> _Supplied information_:
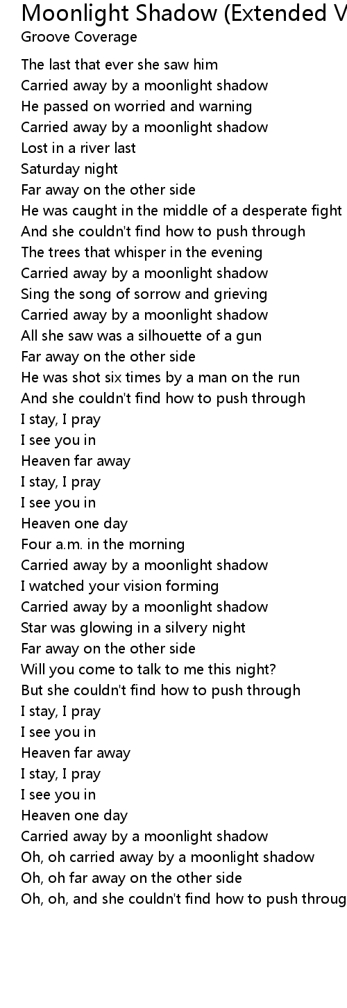Oh, oh carried away by a moonlight shadow |
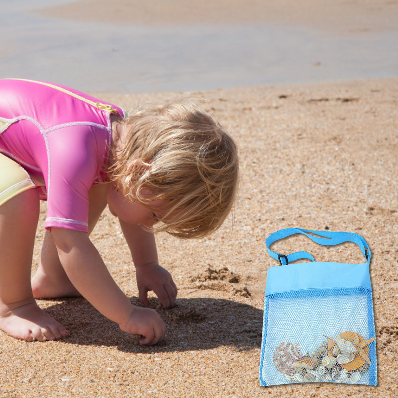[Подходит для детей всех возрастов] на поясе пляжная сумка есть кнопка, которая может регулировать длину. Не нужно беспокоиться о том, что ваш ребенок падает на буксируемую сумку во время бега. Детям нравится охотиться за сокровищами на пляже. Просто положите пляжную лопату в сетчатый мешок и начните охоту, чтобы найти красивый жемчуг и ракушки!
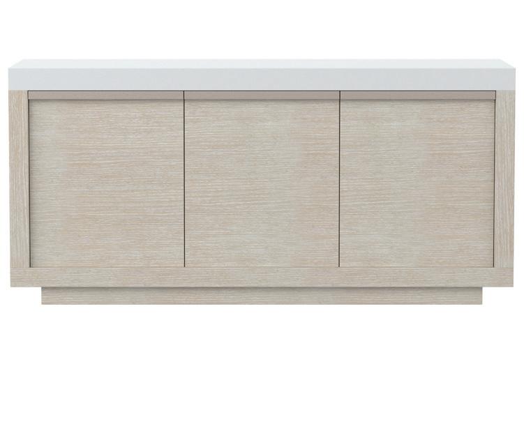 Faux stone top in Fossil finish. Three self/soft-closing doors. Plinth base. Adjustable glides. Anti-tip kit. Dune finish on case.
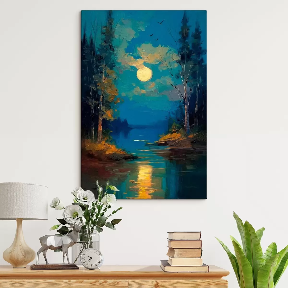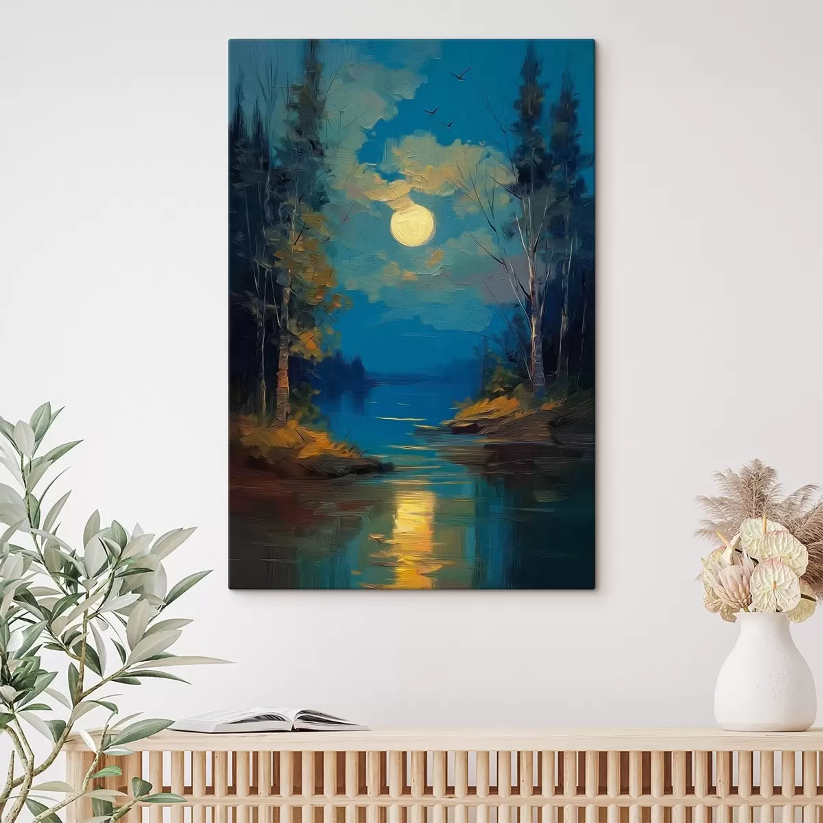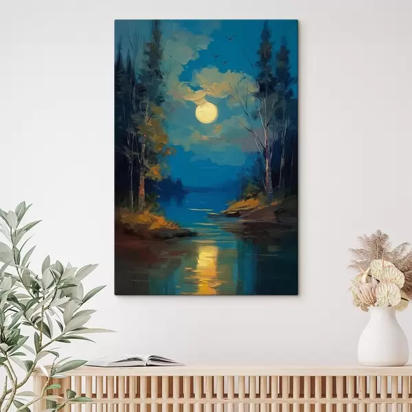 Obraz Mesiac nad pokojnou riekou medzi borovicami Nr. s46164

> _Exercise instructions_:
Pictures are to be left out. Otherwise, copy the material above exactly.

> _Exercise response_:
Oh, oh carried away by a moonlight shadow |
[Подходит для детей всех возрастов] на поясе пляжная сумка есть кнопка, которая может регулировать длину. Не нужно беспокоиться о том, что ваш ребенок падает на буксируемую сумку во время бега. Детям нравится охотиться за сокровищами на пляже. Просто положите пляжную лопату в сетчатый мешок и начните охоту, чтобы найти красивый жемчуг и ракушки!
 Faux stone top in Fossil finish. Three self/soft-closing doors. Plinth base. Adjustable glides. Anti-tip kit. Dune finish on case.
 Obraz Mesiac nad pokojnou riekou medzi borovicami Nr. s46164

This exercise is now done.